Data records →
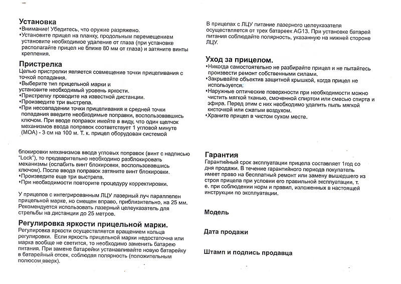 В случае возникновения проблем с эксплуатацией прицела, пожалуйста, верните прибор продавцу для ремонта или замены. Гарантия аннулируется и считается недействительной, если прибор был изменен, подделан, модифицирован или неправильно использован, подвергся падению или несанкционированному ремонту.
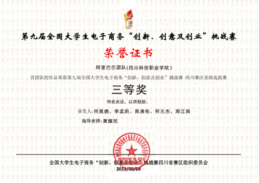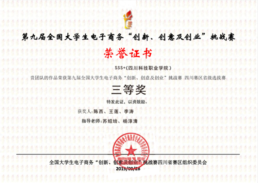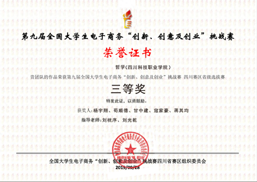 校赛、省级赛、国赛获奖证书仅以“三创赛”官网信息为准。
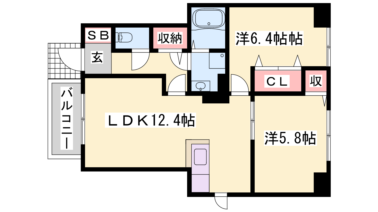 - LDK12.4帖、洋室6.4帖、洋室5.8帖
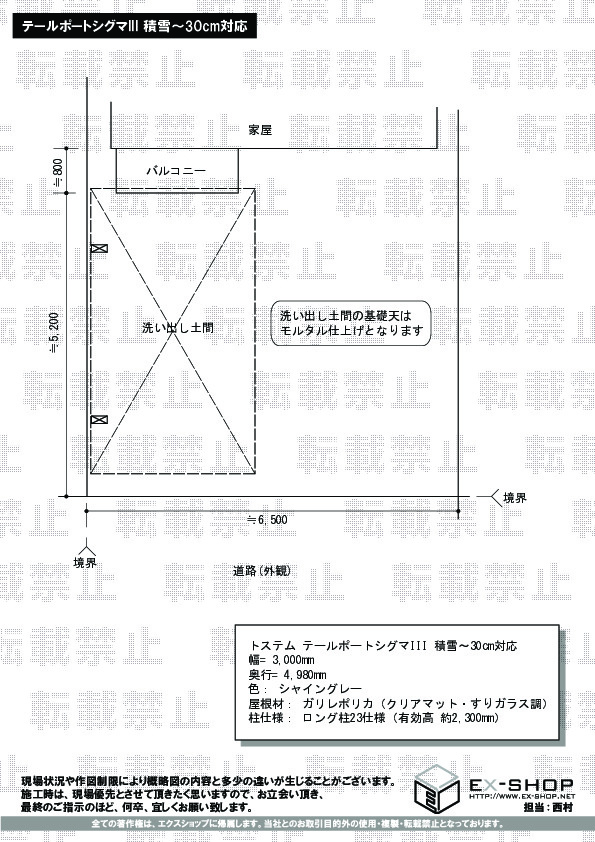 | サイズ | 幅 3,000mm 奥行 4,980mm |
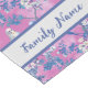Personalize este corredor de mesa elegante com um padrão de borboletas brancas e borboletas azuis em um fundo de ping impressionante com seu nome de família.
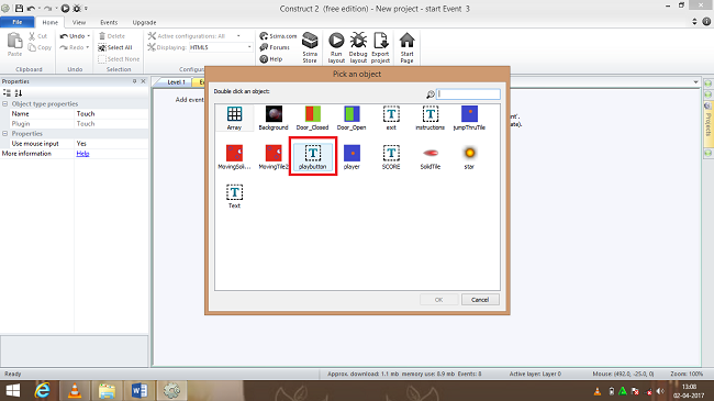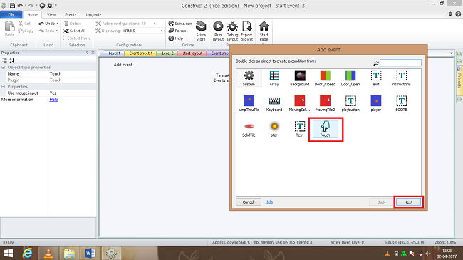 Now again double click->event sheet and a window box will appear and select touch object, after inserting on touch object and click->next
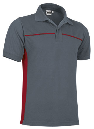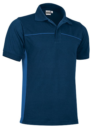50% poliéster, 50% algodão. Malha pique 210 grs/m2. Gola e cós das mangas tricô. Dupla costura em mangas e pala. Carcela 2 botões na mesma côr. Tira no peito com vivo. Bandas laterais. Aberturas laterais em baixo.
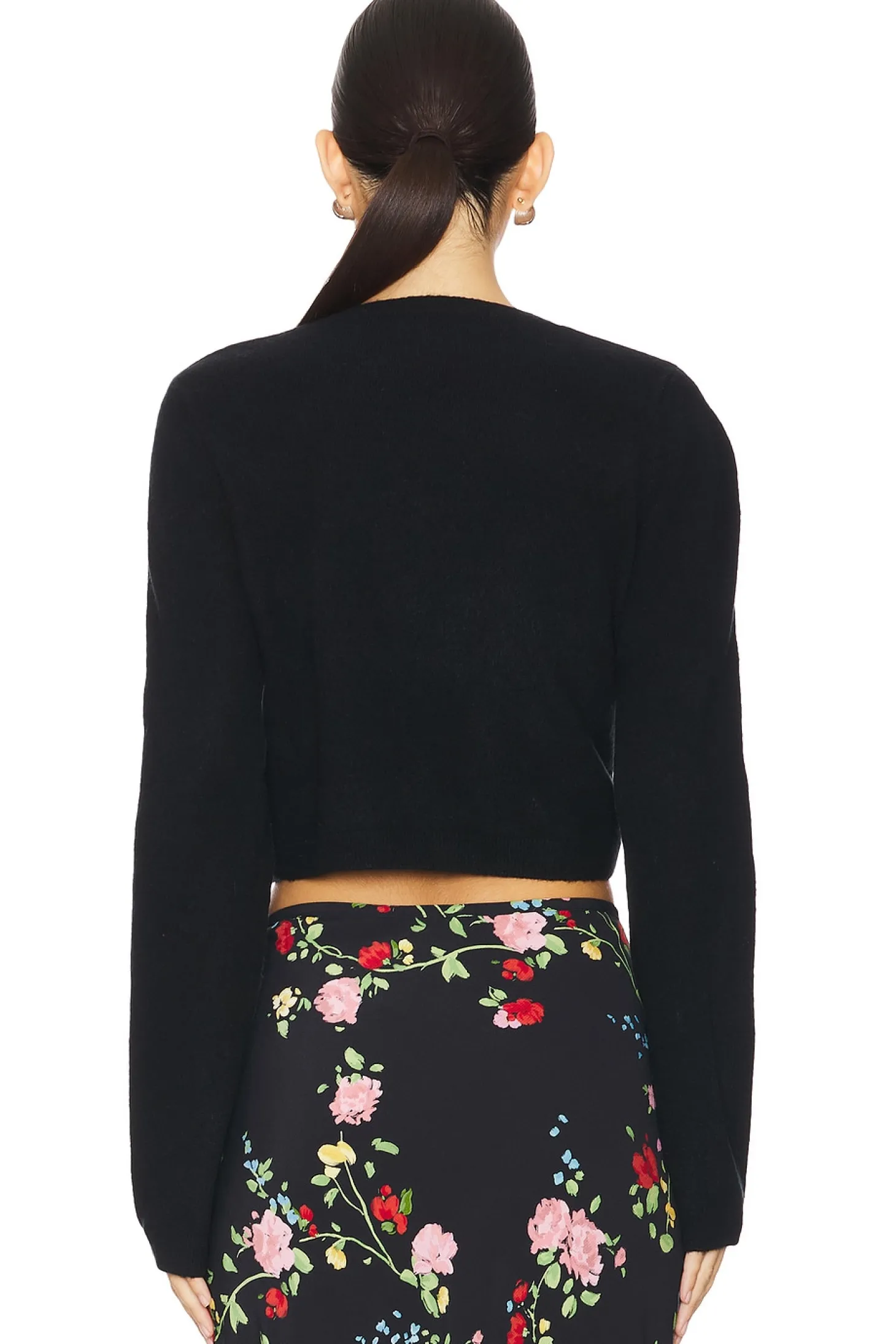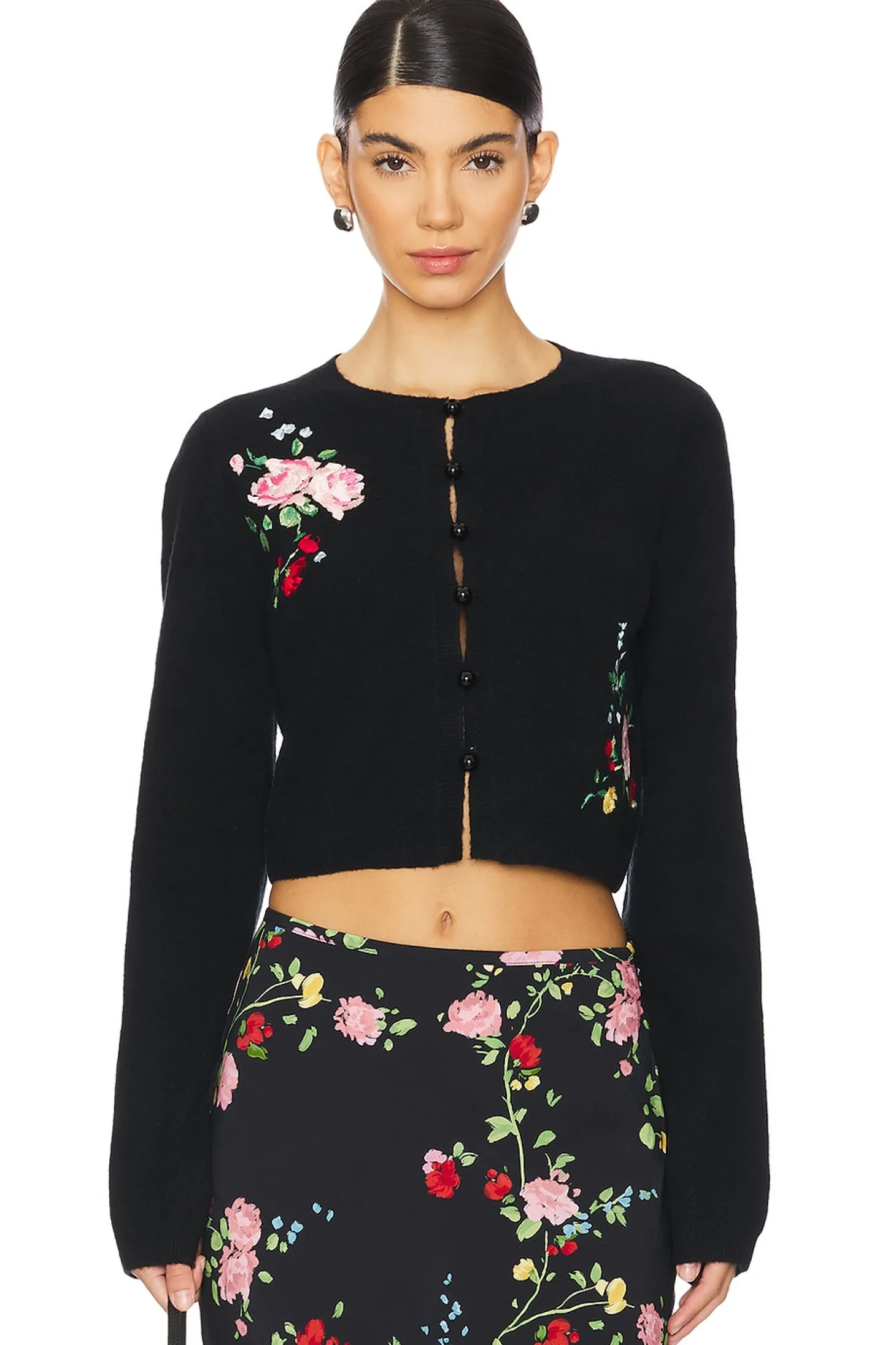 58% polyamide 31% acrylic 8% wool 3% spandex.Made in China.Hand wash.Front button closure.Cropped fit design.Knit fabric with floral embroidery.Item not sold as a set

Problem description → The lines above from the line with "Personalize este corredor" through the line with "Now again double" are to be given again word for word, with no pictures among them.

Response to this task →
Personalize este corredor de mesa elegante com um padrão de borboletas brancas e borboletas azuis em um fundo de ping impressionante com seu nome de família.
 Now again double click->event sheet and a window box will appear and select touch object, after inserting on touch object and click->next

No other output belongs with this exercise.